> _Recorded data_
- - -
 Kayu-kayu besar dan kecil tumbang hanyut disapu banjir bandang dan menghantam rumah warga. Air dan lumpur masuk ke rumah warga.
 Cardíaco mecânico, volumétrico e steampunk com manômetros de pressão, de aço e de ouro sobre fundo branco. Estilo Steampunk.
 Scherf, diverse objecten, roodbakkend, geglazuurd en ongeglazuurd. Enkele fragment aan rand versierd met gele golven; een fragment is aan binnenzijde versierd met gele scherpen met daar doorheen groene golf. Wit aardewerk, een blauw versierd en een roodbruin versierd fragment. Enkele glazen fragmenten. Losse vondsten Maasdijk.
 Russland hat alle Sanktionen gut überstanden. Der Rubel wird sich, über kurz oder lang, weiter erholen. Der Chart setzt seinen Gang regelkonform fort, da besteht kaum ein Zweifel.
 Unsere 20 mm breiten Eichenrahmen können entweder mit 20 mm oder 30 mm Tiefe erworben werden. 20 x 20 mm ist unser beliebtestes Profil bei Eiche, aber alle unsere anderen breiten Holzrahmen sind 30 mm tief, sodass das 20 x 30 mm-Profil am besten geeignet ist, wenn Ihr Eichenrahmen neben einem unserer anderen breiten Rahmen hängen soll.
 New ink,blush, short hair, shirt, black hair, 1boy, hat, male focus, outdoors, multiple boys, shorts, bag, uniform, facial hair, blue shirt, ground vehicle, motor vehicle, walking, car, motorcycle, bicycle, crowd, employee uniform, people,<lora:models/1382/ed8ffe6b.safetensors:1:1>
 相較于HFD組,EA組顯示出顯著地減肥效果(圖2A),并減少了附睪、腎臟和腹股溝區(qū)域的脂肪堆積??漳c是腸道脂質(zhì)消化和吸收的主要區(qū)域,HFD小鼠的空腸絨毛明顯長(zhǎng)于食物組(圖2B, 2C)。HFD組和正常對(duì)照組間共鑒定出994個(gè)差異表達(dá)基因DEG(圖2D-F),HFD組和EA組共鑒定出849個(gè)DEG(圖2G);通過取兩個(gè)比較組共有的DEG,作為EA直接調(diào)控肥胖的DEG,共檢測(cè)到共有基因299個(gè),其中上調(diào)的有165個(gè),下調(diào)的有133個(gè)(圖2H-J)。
- - -
> _Task details_
For every line of the data above that contains "alle", copy that line.

> _Solution for this problem_
 Russland hat alle Sanktionen gut überstanden. Der Rubel wird sich, über kurz oder lang, weiter erholen. Der Chart setzt seinen Gang regelkonform fort, da besteht kaum ein Zweifel.
 Unsere 20 mm breiten Eichenrahmen können entweder mit 20 mm oder 30 mm Tiefe erworben werden. 20 x 20 mm ist unser beliebtestes Profil bei Eiche, aber alle unsere anderen breiten Holzrahmen sind 30 mm tief, sodass das 20 x 30 mm-Profil am besten geeignet ist, wenn Ihr Eichenrahmen neben einem unserer anderen breiten Rahmen hängen soll.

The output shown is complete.